Opinioni
16 ottobre, 2025Tra masse plaudenti, leader carismatici e istituzioni fragili si sgretola la sovranità popolare
Qualcosa si è rotto nel rapporto tra cittadini e istituzioni. Mentre il linguaggio istituzionale richiama i principi della sovranità popolare e della rappresentanza, la prassi politica se ne allontana. La democrazia resta la cornice, ma le dinamiche al suo interno ricordano sempre più quelle della folla impulsiva, identitaria, polarizzante. Nella “Psicologia delle folle” (1895), Le Bon analizzava l’irrazionalità del collettivo: l’individuo, immerso nella massa, perde autonomia e spirito critico, diventando ricettivo alla suggestione e incline a proiettare la propria volontà su leader carismatici.
Una dinamica che oggi si riflette nei parlamenti, dove il confronto tra idee lascia spazio alla contrapposizione, agli slogan, alla lealtà partitica che sostituisce la deliberazione.

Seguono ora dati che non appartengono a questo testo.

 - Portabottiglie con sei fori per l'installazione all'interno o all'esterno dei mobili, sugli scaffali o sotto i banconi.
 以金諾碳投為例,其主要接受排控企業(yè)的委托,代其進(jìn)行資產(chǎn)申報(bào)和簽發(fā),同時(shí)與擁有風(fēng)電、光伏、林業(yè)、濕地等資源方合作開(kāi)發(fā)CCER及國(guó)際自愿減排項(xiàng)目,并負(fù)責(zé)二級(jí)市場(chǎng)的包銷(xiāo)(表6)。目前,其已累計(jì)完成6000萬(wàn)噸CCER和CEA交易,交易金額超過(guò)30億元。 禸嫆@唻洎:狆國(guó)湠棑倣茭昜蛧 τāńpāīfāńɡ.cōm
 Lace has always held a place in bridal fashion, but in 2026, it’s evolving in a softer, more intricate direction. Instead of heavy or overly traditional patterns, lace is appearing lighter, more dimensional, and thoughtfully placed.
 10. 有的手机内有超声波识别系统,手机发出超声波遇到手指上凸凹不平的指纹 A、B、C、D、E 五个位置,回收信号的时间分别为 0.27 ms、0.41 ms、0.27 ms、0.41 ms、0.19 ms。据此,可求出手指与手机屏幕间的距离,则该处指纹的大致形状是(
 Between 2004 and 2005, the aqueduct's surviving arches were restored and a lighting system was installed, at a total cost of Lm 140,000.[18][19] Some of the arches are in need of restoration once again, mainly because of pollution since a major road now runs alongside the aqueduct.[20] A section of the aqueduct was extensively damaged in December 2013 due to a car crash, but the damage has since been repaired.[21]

Anche Freud, in “Psicologia delle masse e analisi dell’Io” (1921), osservava come, nei contesti collettivi, il leader finisca per occupare il posto della coscienza individuale, assumendo una funzione simbolica quasi paterna. Il consenso si costruisce meno su idee e programmi, più su un’identificazione emotiva che trasforma il leader nell’incarnazione dell’interesse del popolo.
È parte di un processo più ampio: l’erosione del legame tra cittadini e istituzioni, alimentata dalla crisi dei partiti e dalla diffusione di forme di partecipazione “immediata” che, pur promettendo inclusione, semplificano e incentivano giudizi istantanei, più emotivi che riflessivi. I social media amplificano questa tendenza, legittimando l’idea che il giudizio democratico debba esprimersi in tempo reale, sospinto dall’indignazione. In questo contesto, il leader non rappresenta né media, ma si rivolge direttamente al popolo, aggirando i corpi intermedi e costruendo consenso per contrapposizione.

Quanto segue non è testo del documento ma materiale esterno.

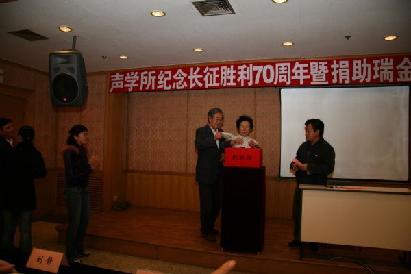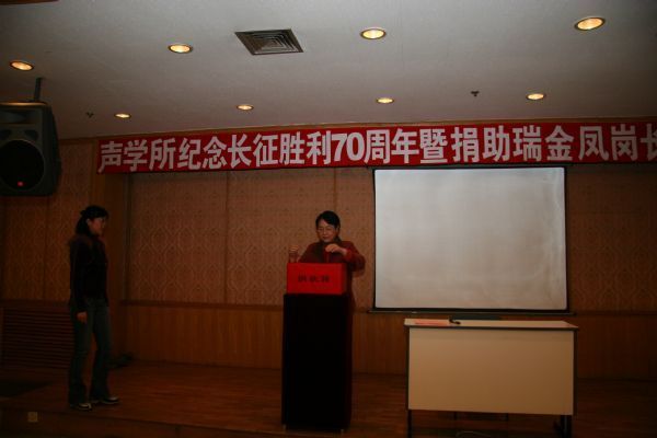 会上,所团委委员崔寒茵宣读了声学所党委、工会、团委、研究生会联合发起的“向江西瑞金凤岗长征小学捐赠倡议书”。倡议书号召全体共产党员、共青团员、广大职工积极行动起来,踊跃参加向革命老区长征小学的捐赠活动,以自己的实际行动,为老区献去一份爱心,以实际行动纪念红军长征胜利70周年,弘扬长征精神,关爱红都教育。

L’altro diventa nemico, e il progetto politico cede alla captatio benevolentiae. Non si tratta di derive episodiche. Sono tendenze trasversali, egualmente visibili in maggioranze e opposizioni, in molte democrazie occidentali: dall’America post-trumpiana a diverse realtà europee. Stessi toni, stessi stili comunicativi, stessa preferenza per il conflitto spettacolare rispetto al confronto razionale. La conseguenza più grave è lo svuotamento della sovranità popolare, ridotta a formula retorica. Da qui l’appello al “governo dei competenti”, alla tecnocrazia come risposta alla crisi politica. Ma è un’illusione pericolosa: anche l’esperto incarna una visione parziale. Sostituire il carisma con la tecnocrazia è solo un’inversione di paradigma. La crisi è prima di tutto culturale: crisi del pensiero complesso, della capacità di gestire la pluralità senza ridurla a slogan. È anche crisi del tempo politico: la pressione elettorale e la rincorsa al consenso immediato impediscono visioni di lungo periodo.
Una democrazia senza profondità rischia di diventare solo esercizio di visibilità. La via d’uscita passa da una rigenerazione della cittadinanza: educazione, pensiero critico, cultura della responsabilità. Una democrazia autentica non si fonda né sulla passività delle folle né sull’isolamento delle élite, ma sulla partecipazione consapevole dei cittadini. La sfida è ricostruire uno spazio pubblico in cui razionalità, giudizio e responsabilità tornino a essere valori condivisi e la democrazia possa recuperare la propria vocazione di essere governo del popolo, per il popolo e con il popolo.